## [EXERCISE DATA]

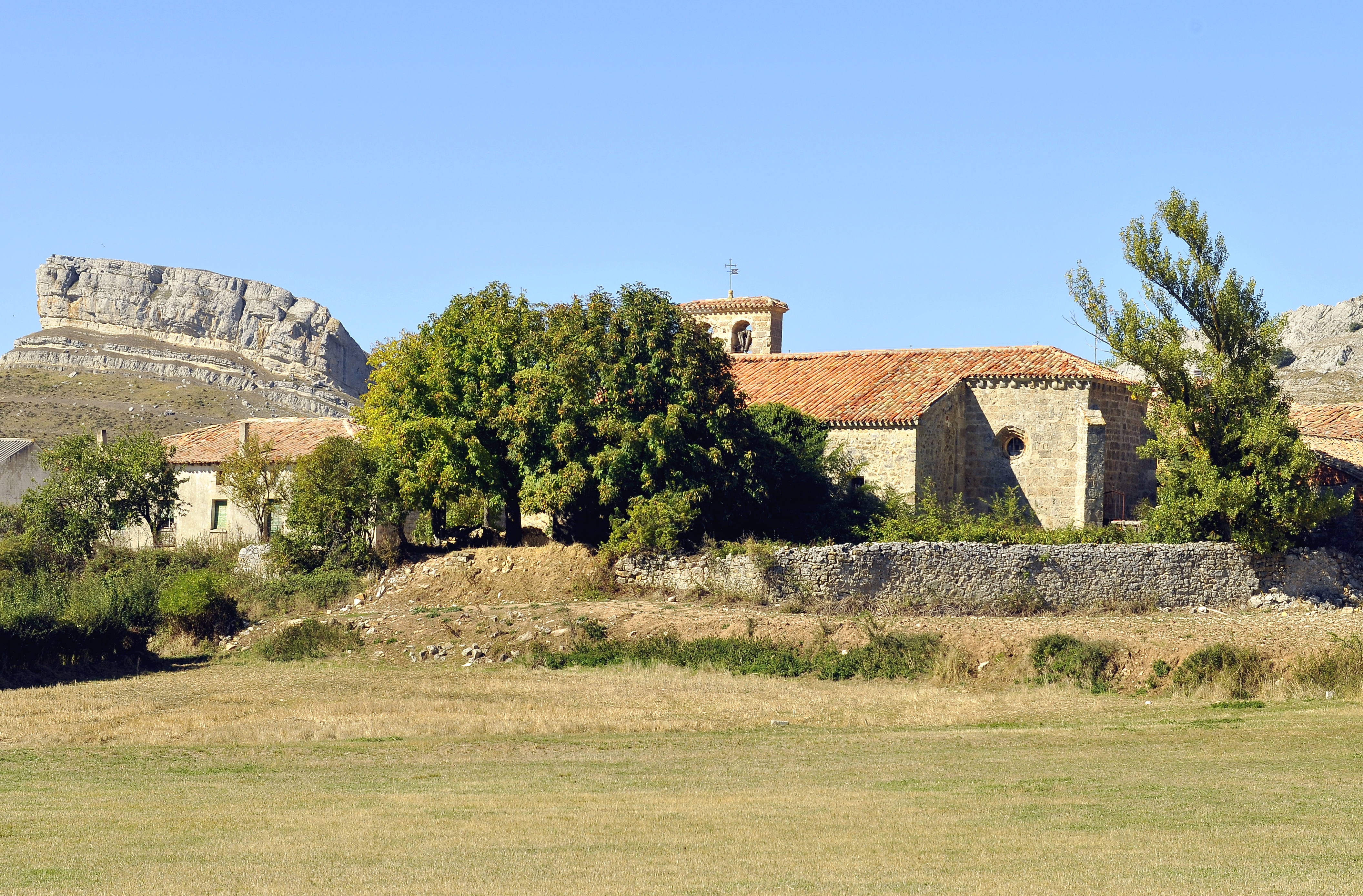 The village and its surroundings. Ordejón de Arriba, Humada, Burgos, Castile and León, Spain
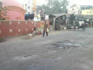 Garfa Shiv Mandir Bazar - an area is south Kolkata
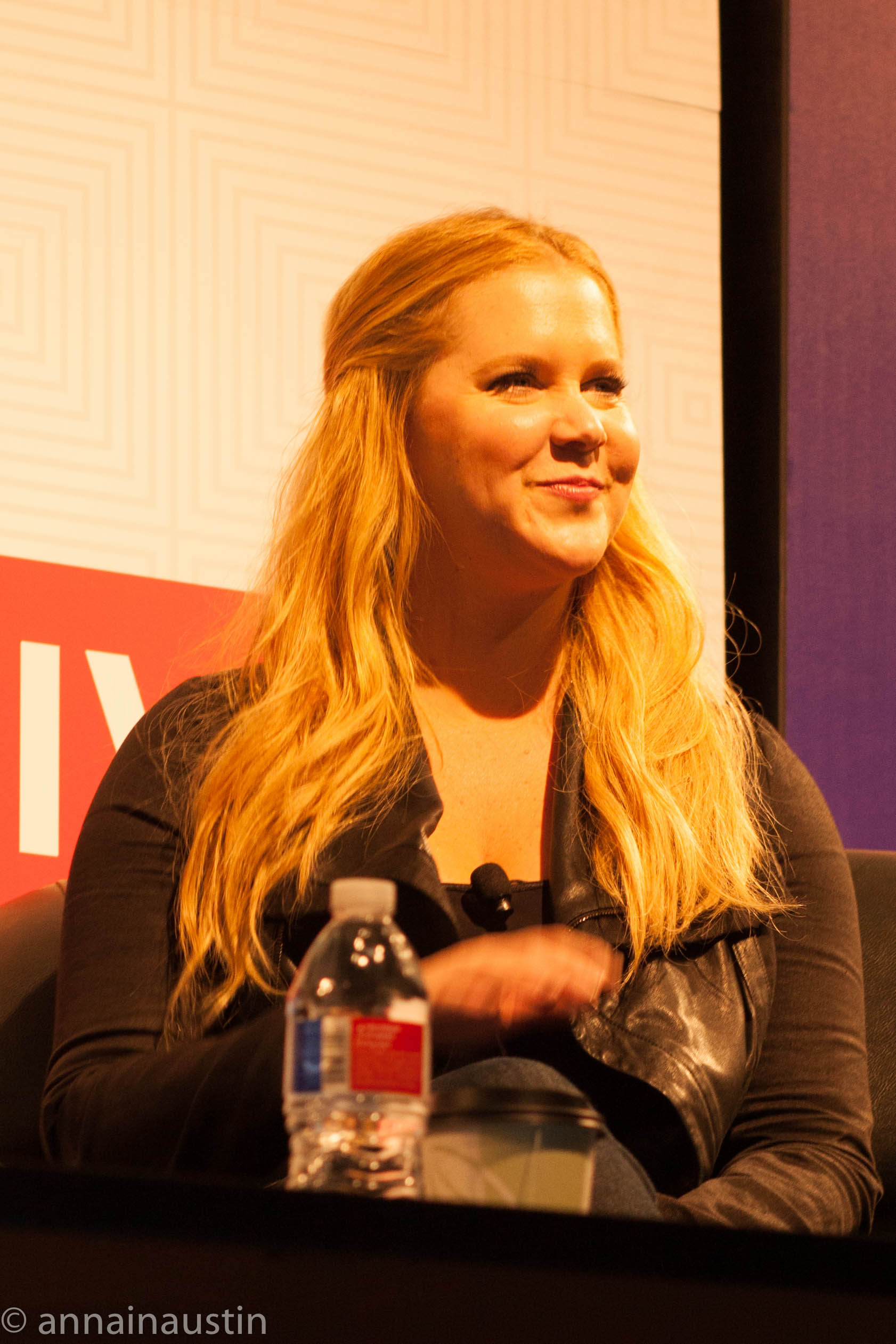 Amy Schumer at 2015 SXSW on March 16, 2015.

## [TASK BRIEF]
Please restate all of the listing above word for word, with no pictures.

## [TASK RESPONSE]
 The village and its surroundings. Ordejón de Arriba, Humada, Burgos, Castile and León, Spain
 Garfa Shiv Mandir Bazar - an area is south Kolkata
 Amy Schumer at 2015 SXSW on March 16, 2015.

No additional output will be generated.